### Work instruction:
Write out everything in the records exactly, apart from the pictures.

### Information:
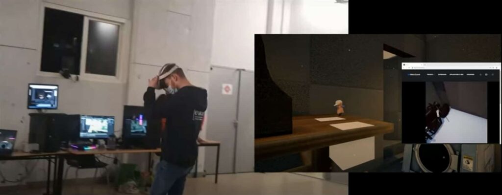 Même si évidemment 48h (avec beaucoup de fatigue) c’est trop court pour fournir un jeu complet, l’équipe a pu montrer une démonstration de leur projet. Sur cette démo, l’espace de jeu est un garage. Le joueur sur PC doit réussir à faire le tour du garage en s’aidant des éléments du décor. Éléments accessibles grâce au joueur en VR. Un jeu multijoueur où la coopération est de mise, à travers des supports différents.
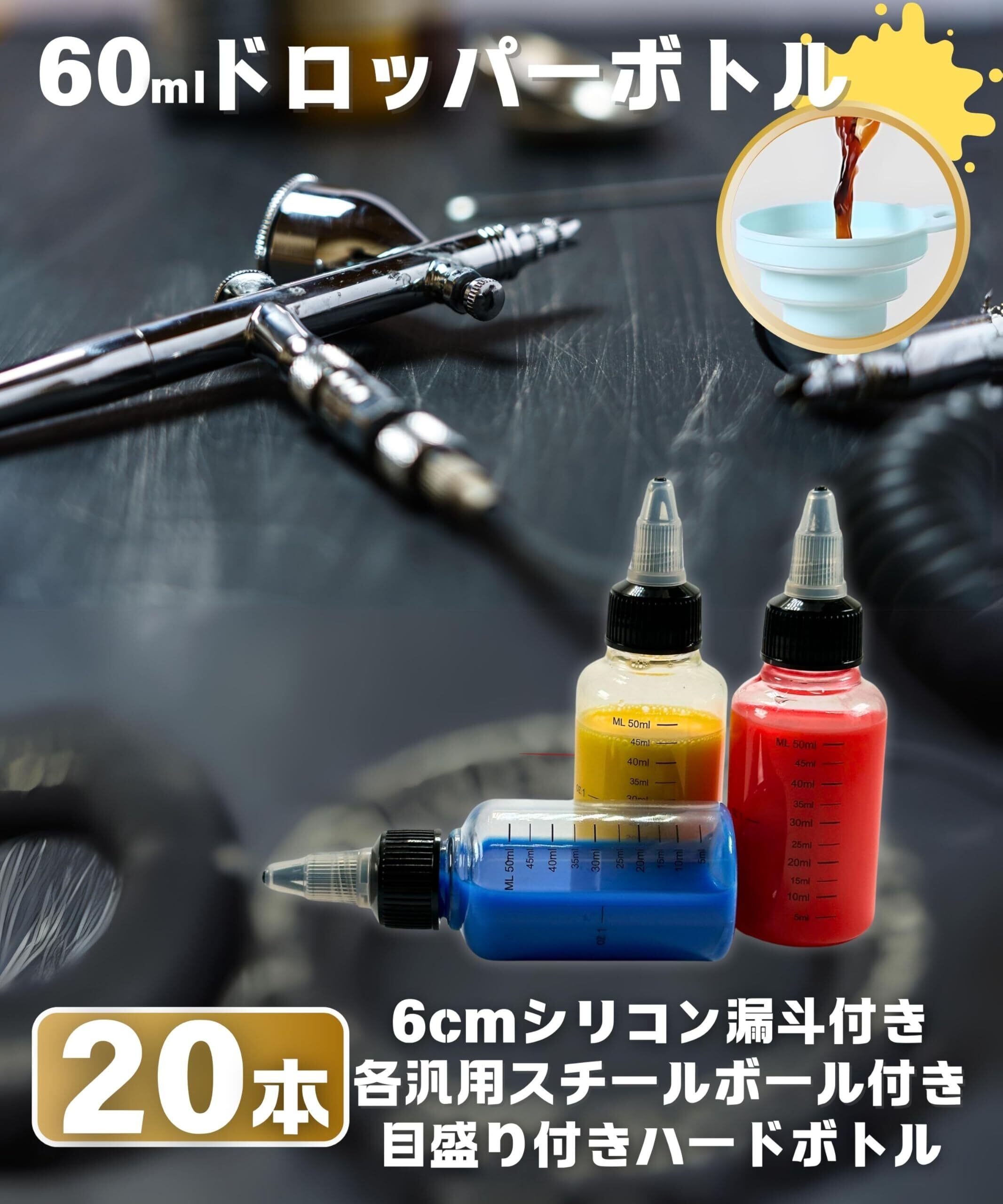 5 colori ドロッパーボトル 20個セット 50ml 目盛り付き ツイストキャップ 撹拌スチールボール シリコン漏斗付き クリア プラモデル 塗料 小分け用 スポイト (60mlハード)
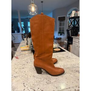 Lucky Brand Ebbie Tan Leather Heeled Boot sz 12 EUC
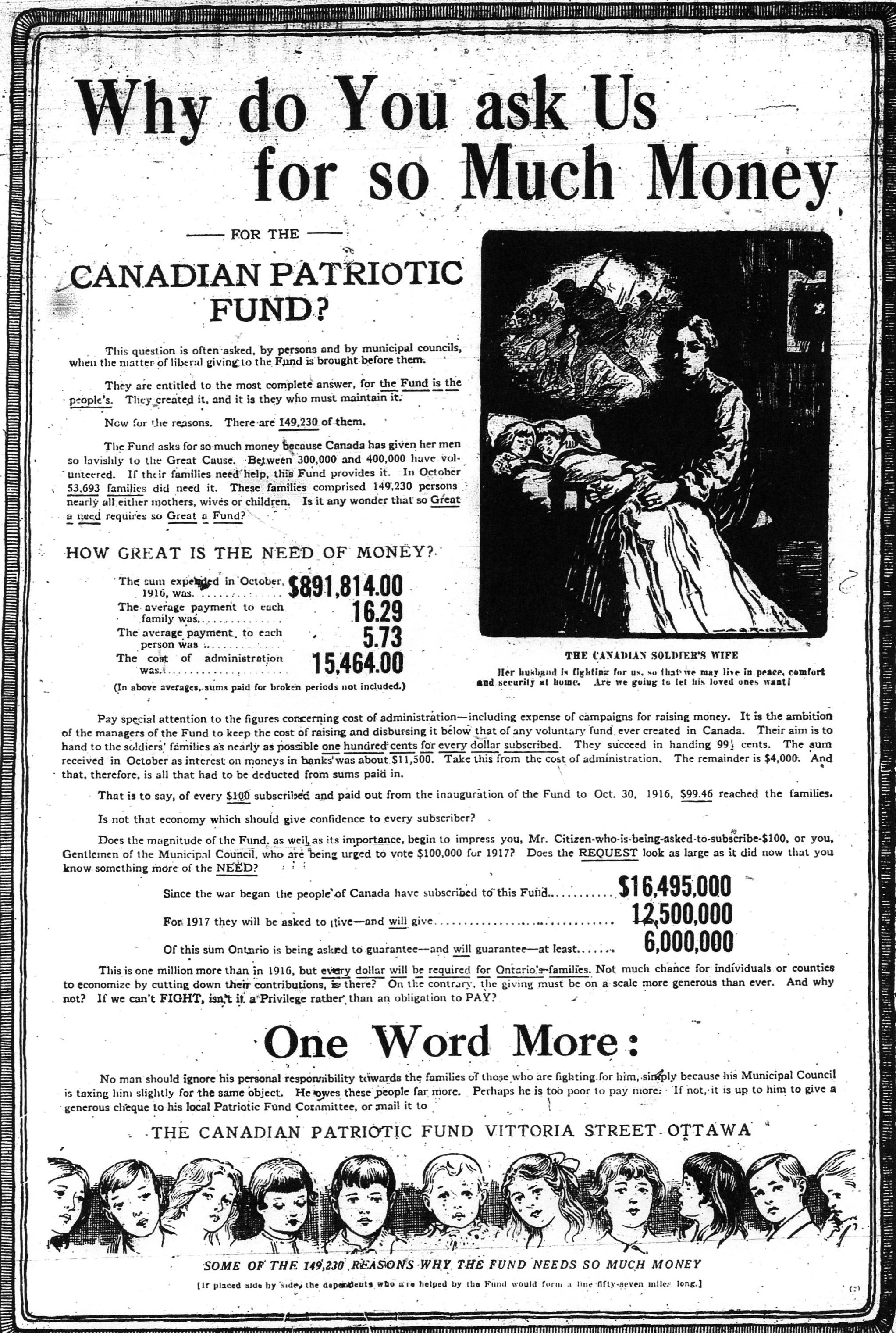“Why do You ask Us for so Much Money for the Canadian Patriotic Fund? This question is often asked, by persons and by municipal councils, when the matter of liberal giving to the Fund is brought before them. … The Fund asks for so much money because Canada has given her men so lavishly to the Great Cause. Between 300,000 and 400,000 have volunteered. If their families need help, this Fund provides it. … Since the war began, the people of Canada have subscribed to this Fund $16,495,000. For 1917 they will be asked to give—and will give $12,500,000. Of this sum, Ontario is being asked to guarantee—and will guarantee—at least $6,000,000.
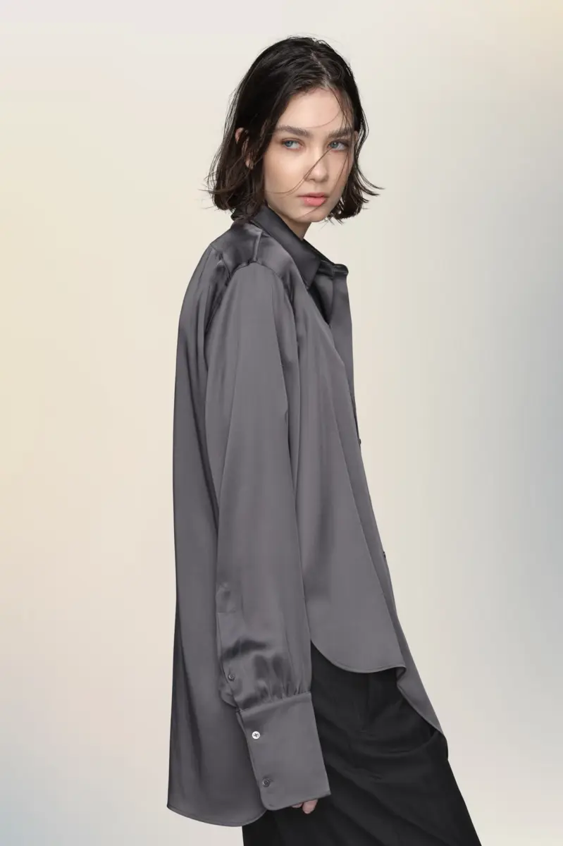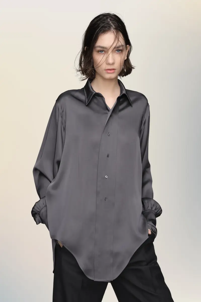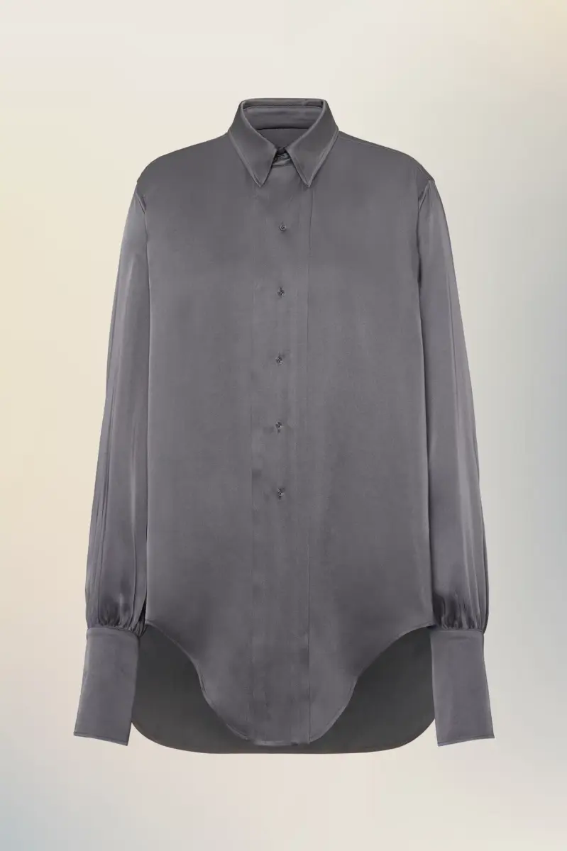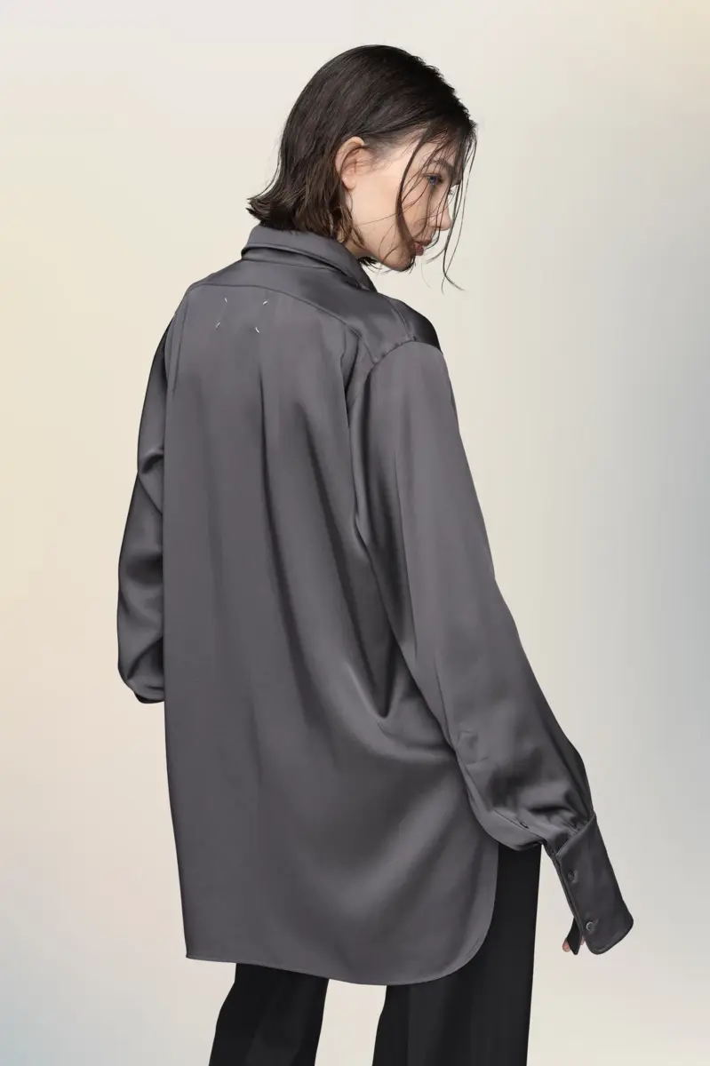 Defined by its sculpted hemline and exaggerated cuffs, this lustrous satin shirt tempers fluid drape with architectural clarity. The subtle sheen enhances its refined silhouette, echoing Maison Margiela’s minimal yet expressive aesthetic. Maison Margiela’s signature, the four stitches, appear at the back; the opposite of a label.
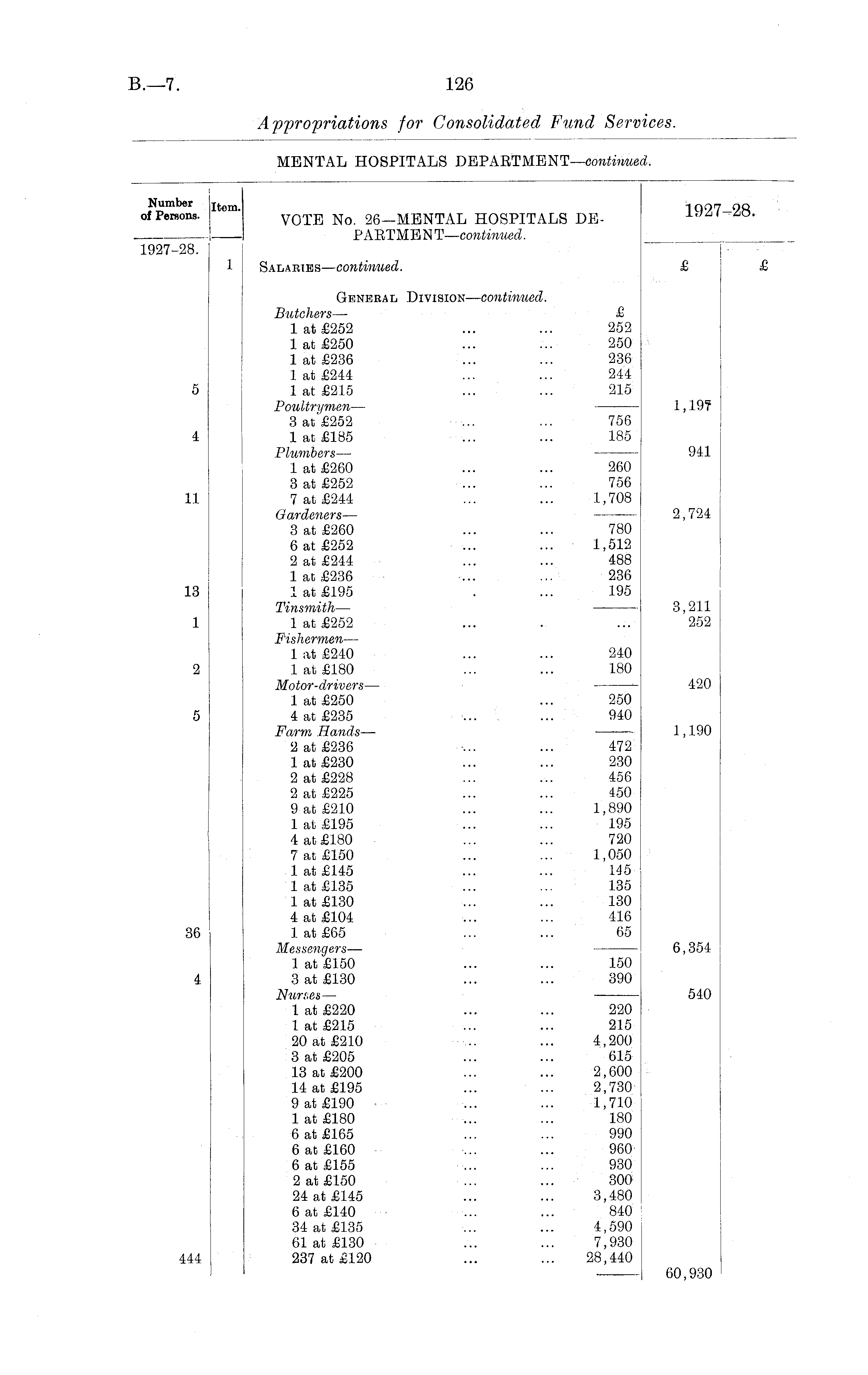 Number Itera . 1 q07_0Q of Persons. V0TB No 26—MENTAL HOSPITALS DEPARTMENT—continued. 1927-28. 1 Salaries —continued. £ £ General Division —continued. Butchers — £ 1 at £252 ... ... 252 1 at £250 ... ... 250 1 at £236 ... ... 236 1 at £244 ... ... 244 5 1 at £215 ... ... 215 Poultrymen— — 1,19? 3 ac £252 ... ... 756 4 1 at £185 ... ... 185 Plumbers — 941 1 at £260 ... ... 260 3 at £252 ... ... 756 11 7 at £244 ... ... 1,708 Gardeners— 2,724 3 at £260 ... ... 780 6 at £252 ... ... 1,512 2 at £244 ... ... 488 1 at £236 ... ... 236 13 1 at £195 . ... 195 Tinsmith— 3,211 1 1 at £252 ... . ... 252 Fishermen — 1 at £240 ... ... 240 2 1 at £180 ... ... 180 Motor-drivers — 420 1 at £250 ... 250 5 4 at £235 ... ... 940 Farm Hands — 1,190 2 at £236 ... ... 472 1 at £230 ... ... 230 2 at £228 ... ... 456 2 at £225 ... ... 450 9 at £210 ... ... 1,890 1 at £195 ... ... 195 4 at £180 ... ... 720 7 at £150 ... ... 1,050 1 at £145 ... ... 145 1 at £135 ... ... 135 1 at £130 ... ... 130 4 at £104 ... ... 416 36 1 at £65 ... ... 65 Messengers— 6,354 1 at £150 ... ... 150 4 3 at £130 ... ... 390 Nurses— 540 1 at £220 ... ... 220 1 at £215 ... ... 215 20 at £210 ... ... 4,200 3 at £205 ... ... 615 13 at £200 ... ... 2,600 14 at £195 ... ... 2,730 9 at £190 ... ... 1,710 1 at £180 ... ... 180 6 at £165 ... ... 990 6 at £160 ... ... 960 6 at £155 ... ... 930 2 at £150 ... ... 300 24 at £145 ... ... 3,480 6 at £140 ... ... 840 34 at £135 ... ... 4,590 61 at £130 ... ... 7,930 444 237 at £120 ... ... 28,440 —— 60,930
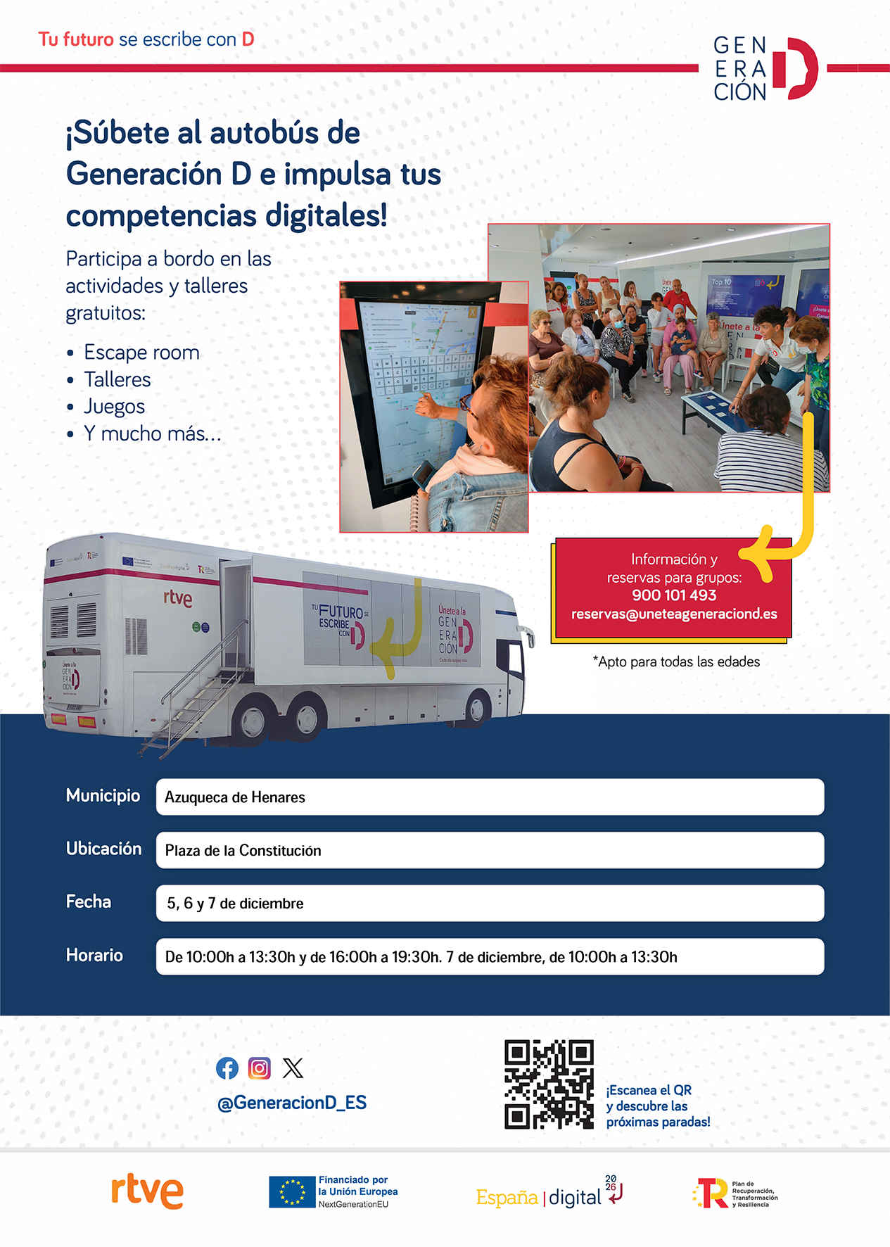 Desde el martes 5 de diciembre y hasta el viernes 7, estará en la plaza de La Constitución de Azuqueca el autobús de la campaña “Generación D”, que impulsa el Gobierno de España a través de RTVE. Azuqueca es la primera parada en la provincia de Guadalajara de esta iniciativa móvil, que cuenta con financiación de los Fondos Next Generation de la Unión Europea. “Se trata de una acción con la que se pretende desarrollar y mejorar las competencias digitales de la ciudadanía, para aprovechar mejor las oportunidades de la digitalización y conocer nuevas herramientas”, explica el alcalde, José Luis Blanco.

### Task solution:
 Même si évidemment 48h (avec beaucoup de fatigue) c’est trop court pour fournir un jeu complet, l’équipe a pu montrer une démonstration de leur projet. Sur cette démo, l’espace de jeu est un garage. Le joueur sur PC doit réussir à faire le tour du garage en s’aidant des éléments du décor. Éléments accessibles grâce au joueur en VR. Un jeu multijoueur où la coopération est de mise, à travers des supports différents.
 5 colori ドロッパーボトル 20個セット 50ml 目盛り付き ツイストキャップ 撹拌スチールボール シリコン漏斗付き クリア プラモデル 塗料 小分け用 スポイト (60mlハード)
 Lucky Brand Ebbie Tan Leather Heeled Boot sz 12 EUC
“Why do You ask Us for so Much Money for the Canadian Patriotic Fund? This question is often asked, by persons and by municipal councils, when the matter of liberal giving to the Fund is brought before them. … The Fund asks for so much money because Canada has given her men so lavishly to the Great Cause. Between 300,000 and 400,000 have volunteered. If their families need help, this Fund provides it. … Since the war began, the people of Canada have subscribed to this Fund $16,495,000. For 1917 they will be asked to give—and will give $12,500,000. Of this sum, Ontario is being asked to guarantee—and will guarantee—at least $6,000,000.
 Defined by its sculpted hemline and exaggerated cuffs, this lustrous satin shirt tempers fluid drape with architectural clarity. The subtle sheen enhances its refined silhouette, echoing Maison Margiela’s minimal yet expressive aesthetic. Maison Margiela’s signature, the four stitches, appear at the back; the opposite of a label.
 Number Itera . 1 q07_0Q of Persons. V0TB No 26—MENTAL HOSPITALS DEPARTMENT—continued. 1927-28. 1 Salaries —continued. £ £ General Division —continued. Butchers — £ 1 at £252 ... ... 252 1 at £250 ... ... 250 1 at £236 ... ... 236 1 at £244 ... ... 244 5 1 at £215 ... ... 215 Poultrymen— — 1,19? 3 ac £252 ... ... 756 4 1 at £185 ... ... 185 Plumbers — 941 1 at £260 ... ... 260 3 at £252 ... ... 756 11 7 at £244 ... ... 1,708 Gardeners— 2,724 3 at £260 ... ... 780 6 at £252 ... ... 1,512 2 at £244 ... ... 488 1 at £236 ... ... 236 13 1 at £195 . ... 195 Tinsmith— 3,211 1 1 at £252 ... . ... 252 Fishermen — 1 at £240 ... ... 240 2 1 at £180 ... ... 180 Motor-drivers — 420 1 at £250 ... 250 5 4 at £235 ... ... 940 Farm Hands — 1,190 2 at £236 ... ... 472 1 at £230 ... ... 230 2 at £228 ... ... 456 2 at £225 ... ... 450 9 at £210 ... ... 1,890 1 at £195 ... ... 195 4 at £180 ... ... 720 7 at £150 ... ... 1,050 1 at £145 ... ... 145 1 at £135 ... ... 135 1 at £130 ... ... 130 4 at £104 ... ... 416 36 1 at £65 ... ... 65 Messengers— 6,354 1 at £150 ... ... 150 4 3 at £130 ... ... 390 Nurses— 540 1 at £220 ... ... 220 1 at £215 ... ... 215 20 at £210 ... ... 4,200 3 at £205 ... ... 615 13 at £200 ... ... 2,600 14 at £195 ... ... 2,730 9 at £190 ... ... 1,710 1 at £180 ... ... 180 6 at £165 ... ... 990 6 at £160 ... ... 960 6 at £155 ... ... 930 2 at £150 ... ... 300 24 at £145 ... ... 3,480 6 at £140 ... ... 840 34 at £135 ... ... 4,590 61 at £130 ... ... 7,930 444 237 at £120 ... ... 28,440 —— 60,930
 Desde el martes 5 de diciembre y hasta el viernes 7, estará en la plaza de La Constitución de Azuqueca el autobús de la campaña “Generación D”, que impulsa el Gobierno de España a través de RTVE. Azuqueca es la primera parada en la provincia de Guadalajara de esta iniciativa móvil, que cuenta con financiación de los Fondos Next Generation de la Unión Europea. “Se trata de una acción con la que se pretende desarrollar y mejorar las competencias digitales de la ciudadanía, para aprovechar mejor las oportunidades de la digitalización y conocer nuevas herramientas”, explica el alcalde, José Luis Blanco.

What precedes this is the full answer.